Prime Minister Narendra Modi was interviewed by school students sometime back. Answering to a student’s question on climate change he replied, “The people of 70, 80, 85 or 90 years of age used to say in winter that it is colder this year than ever before. Actually, it is not any colder. Their capacity to tolerate cold has reduced due to aging. In the same manner, the climate has not changed. We have changed.”
A few days ago, a reporter asked Jyotiraditya Scindia about the heatwave. He took an onion from his kurta pocket and said, “You must always remember Mausumi, that you do not have to worry about the heat as long as you have this onion.”
I leave it to the readers to decide whether the Prime Minister and the Minister of Communications gave the right and responsible answers.
It is important for our political leaders to take responsibility and show accountability that climate change is a real threat to our country. Unless we accept it, there will not be any solution. Also, as responsible citizens, we need to get into a lot of awareness-building activities and initiate appropriate climate emergency activities.
Increasing Heat wave is indeed a matter of grave concern for India especially for the rural India where ,more than 75% of the population resides. This year a certain part of Delhi recorded 52 degree Celsius plus which the authorities tried to play down as an error in the weather recording appatatus. Kolkata crossed 45 degrees and it felt like 50 degree Celsius. Though Monsoon has entered Bengal, except Sikkim and North Bengal where it has been raining cats and dogs, there has been hardly any rain in South Bengal, and other parts, including Kolkata.
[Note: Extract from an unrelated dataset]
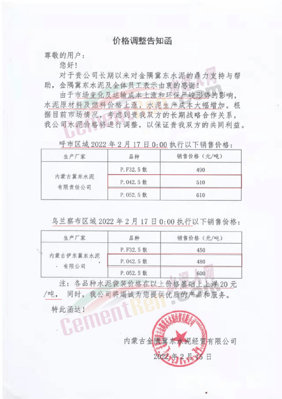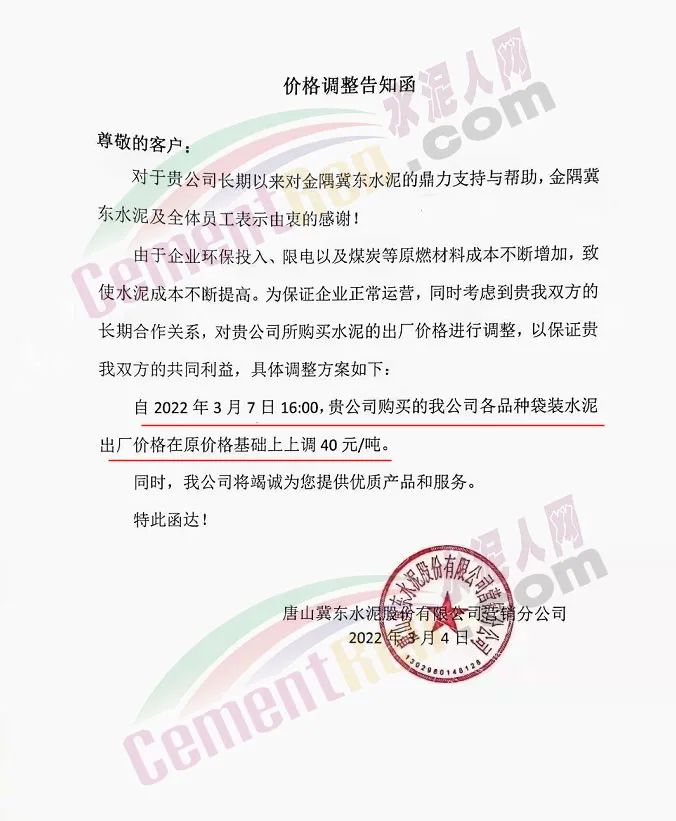 水泥人網通訊員消息,日前唐山冀東水泥股份有限公司營銷分公司通知,由于企業環保投入、限電以及煤炭等原燃材料成本不斷增加,致使水泥成本不斷提高。為保證企業正常運營,自 2022年3月7日16時起,各品種袋裝水泥出廠價格在原價格基礎上上調40元/噸。

Regarding the Church’s response to Pope Francis’ encyclical Laudato Si (on caring for our common home — planet earth), Church-run institutions have made a mockery of the encyclical. Jesuits-run St Xavier’s College (SXC) Kolkata cut down several decades-old large neem trees to make room for additional college complex. As a tokenism, it has planted a few saplings though! St Xavier’s university in Kolkata is fully air-conditioned. Hasn’t this policy warmed the outside air and worsened the heat wave? Several other church-run institutions too have followed or preceded the SXC way. The two church-run city schools which maintain good green cover, are St Lawrence High School and Loreto Entally School, Kolkata.
Also the cumulative effect of refrigerators, air-conditioners, computers, laptops, mobiles, filling up of water bodies to make way for real estate – all these are escalating the Climate Crisis. Yes it is no more Climate Change but Climate Crisis because but the effect of Global Warming is not restricted to one country but impacts across nations as Covid did. Global Warming is not as simplistic as the response of our PM and the union minister for communications on the issue.
The author would have done well to explain the two terms “climate resilience” and Delhi’s “Heat Action Plan” and how to go about them.